◆ **YOUR GOAL**
Print only the lines below from the one with "仁壽縣城市生活污水處理廠改造" to the one with "米国株式はダウ2.73%、ナ", both included, exactly as they stand. Leave pictures out.

◆ **INFORMATION**
-- Opening Marker --

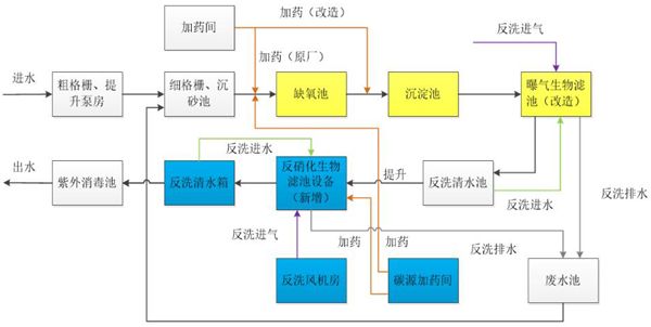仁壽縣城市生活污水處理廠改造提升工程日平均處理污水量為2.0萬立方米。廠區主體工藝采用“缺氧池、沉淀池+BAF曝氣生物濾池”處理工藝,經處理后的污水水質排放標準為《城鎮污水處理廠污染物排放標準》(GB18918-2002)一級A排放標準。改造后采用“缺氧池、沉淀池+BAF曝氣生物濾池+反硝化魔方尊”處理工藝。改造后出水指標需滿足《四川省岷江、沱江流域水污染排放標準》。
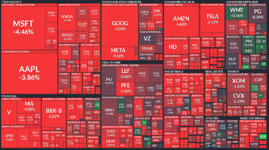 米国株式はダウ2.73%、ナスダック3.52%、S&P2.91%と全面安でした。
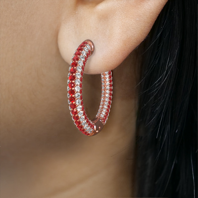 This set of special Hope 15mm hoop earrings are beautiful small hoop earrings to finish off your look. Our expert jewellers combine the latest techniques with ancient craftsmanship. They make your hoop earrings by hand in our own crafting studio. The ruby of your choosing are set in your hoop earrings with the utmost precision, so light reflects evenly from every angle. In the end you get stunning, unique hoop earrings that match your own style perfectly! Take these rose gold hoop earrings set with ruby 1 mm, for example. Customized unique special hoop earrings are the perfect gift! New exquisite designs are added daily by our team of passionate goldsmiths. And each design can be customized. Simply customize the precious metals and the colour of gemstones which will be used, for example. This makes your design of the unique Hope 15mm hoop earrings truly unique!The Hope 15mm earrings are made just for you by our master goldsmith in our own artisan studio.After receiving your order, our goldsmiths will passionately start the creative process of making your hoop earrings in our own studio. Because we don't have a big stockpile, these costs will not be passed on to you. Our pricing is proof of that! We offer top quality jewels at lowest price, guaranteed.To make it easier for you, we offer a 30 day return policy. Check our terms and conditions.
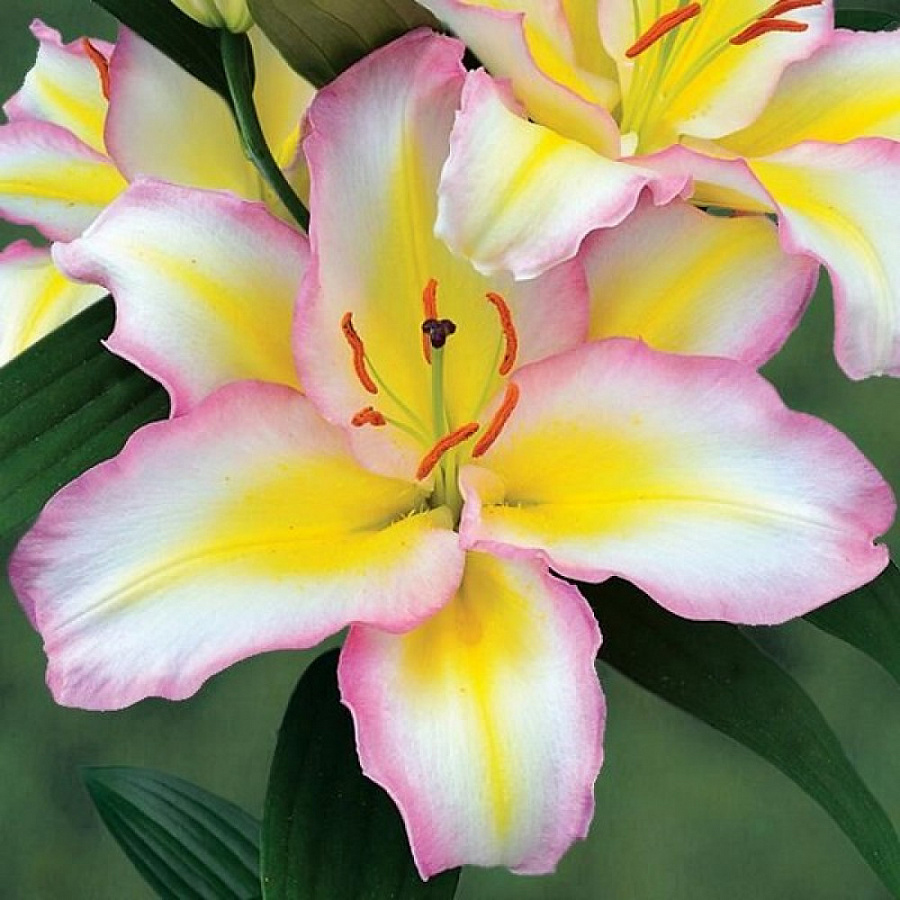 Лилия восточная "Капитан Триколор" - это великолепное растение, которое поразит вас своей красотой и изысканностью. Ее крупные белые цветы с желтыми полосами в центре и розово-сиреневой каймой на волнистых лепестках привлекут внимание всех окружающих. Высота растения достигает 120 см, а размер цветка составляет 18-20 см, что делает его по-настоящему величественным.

-- Closing Marker --
-- Opening Marker --

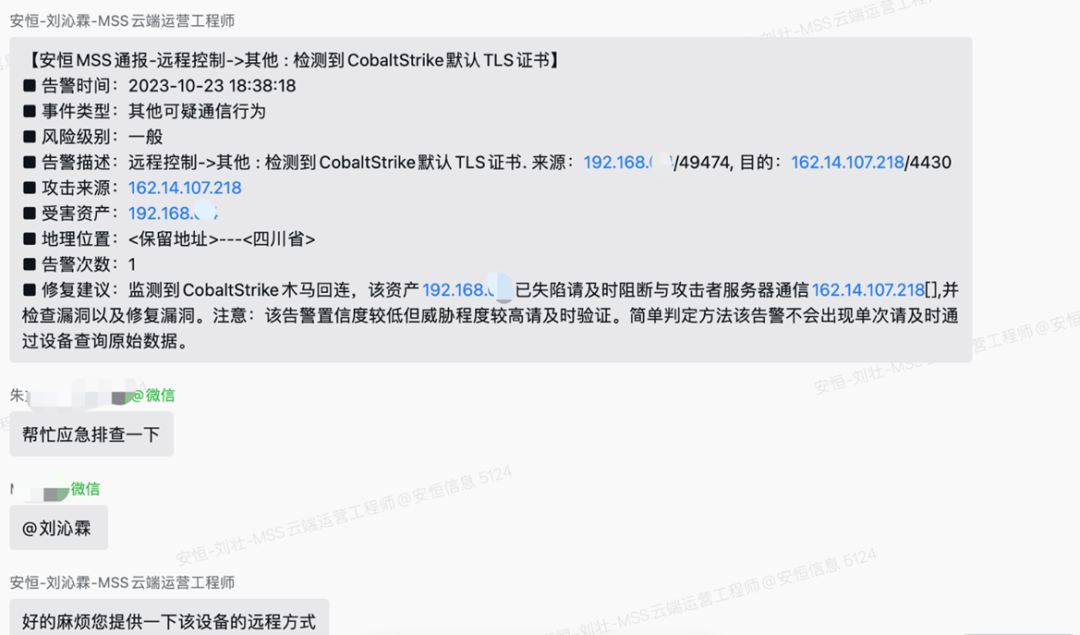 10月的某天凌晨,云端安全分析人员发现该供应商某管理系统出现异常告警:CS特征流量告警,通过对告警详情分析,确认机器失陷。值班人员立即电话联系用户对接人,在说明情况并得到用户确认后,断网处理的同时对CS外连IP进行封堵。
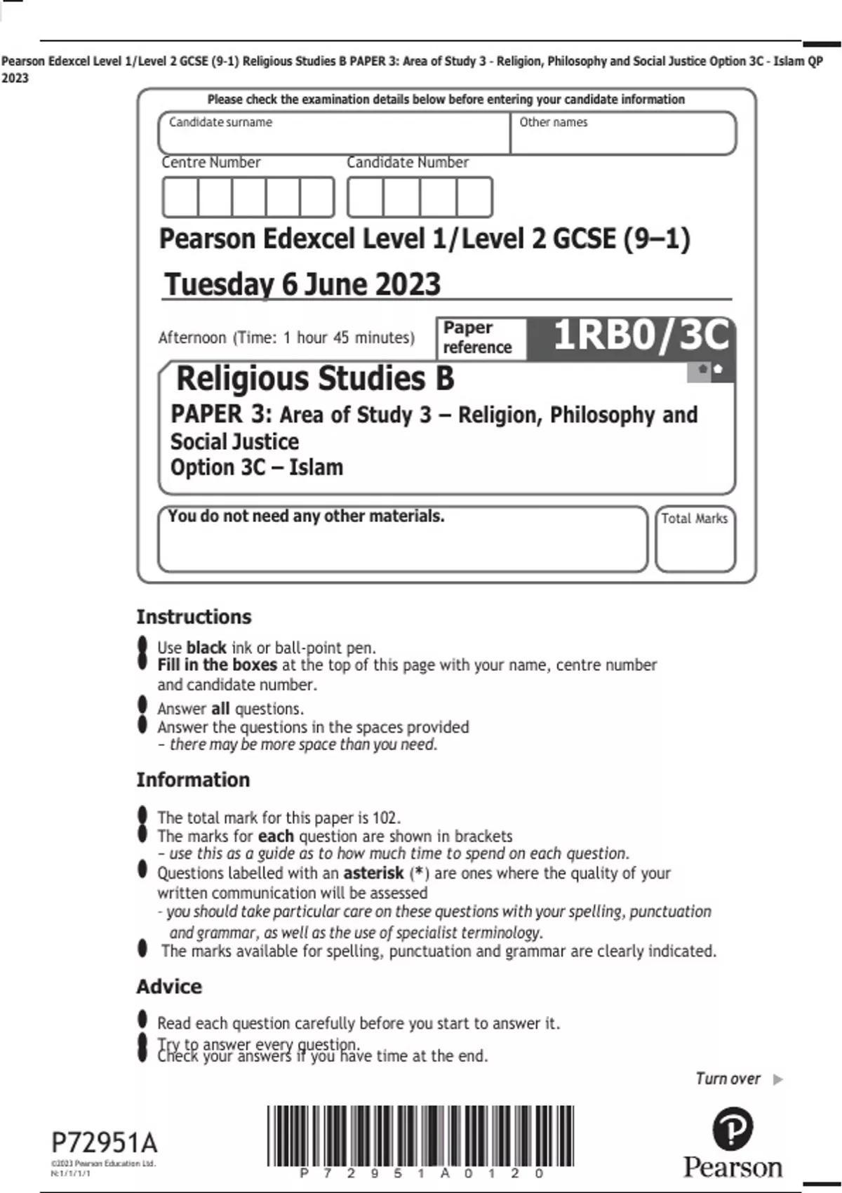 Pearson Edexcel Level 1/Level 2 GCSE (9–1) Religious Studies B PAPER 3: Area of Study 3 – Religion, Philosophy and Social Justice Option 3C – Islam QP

-- Closing Marker --
-- Opening Marker --

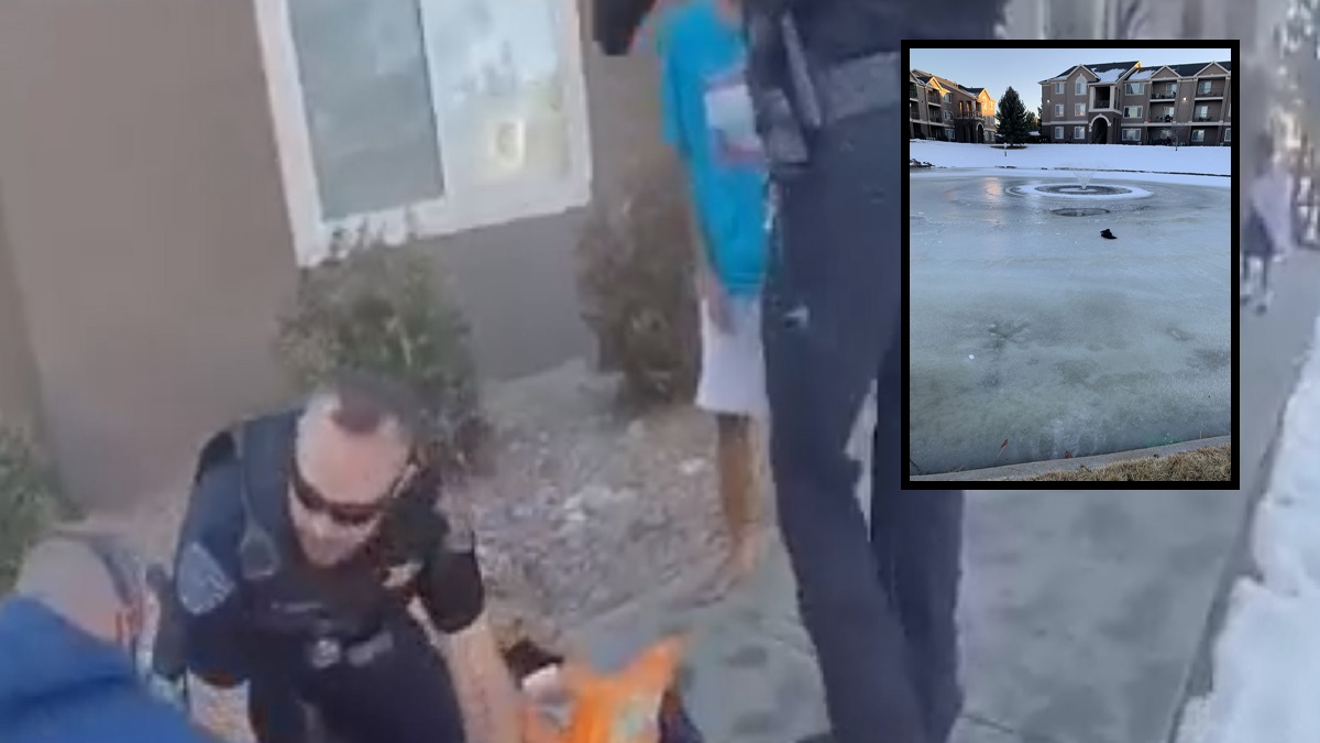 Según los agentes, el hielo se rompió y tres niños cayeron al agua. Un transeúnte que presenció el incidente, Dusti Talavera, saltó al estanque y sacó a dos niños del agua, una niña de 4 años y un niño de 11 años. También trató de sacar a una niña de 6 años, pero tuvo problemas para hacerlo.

-- Closing Marker --

◆ **TASK RESULT**
仁壽縣城市生活污水處理廠改造提升工程日平均處理污水量為2.0萬立方米。廠區主體工藝采用“缺氧池、沉淀池+BAF曝氣生物濾池”處理工藝,經處理后的污水水質排放標準為《城鎮污水處理廠污染物排放標準》(GB18918-2002)一級A排放標準。改造后采用“缺氧池、沉淀池+BAF曝氣生物濾池+反硝化魔方尊”處理工藝。改造后出水指標需滿足《四川省岷江、沱江流域水污染排放標準》。
 米国株式はダウ2.73%、ナスダック3.52%、S&P2.91%と全面安でした。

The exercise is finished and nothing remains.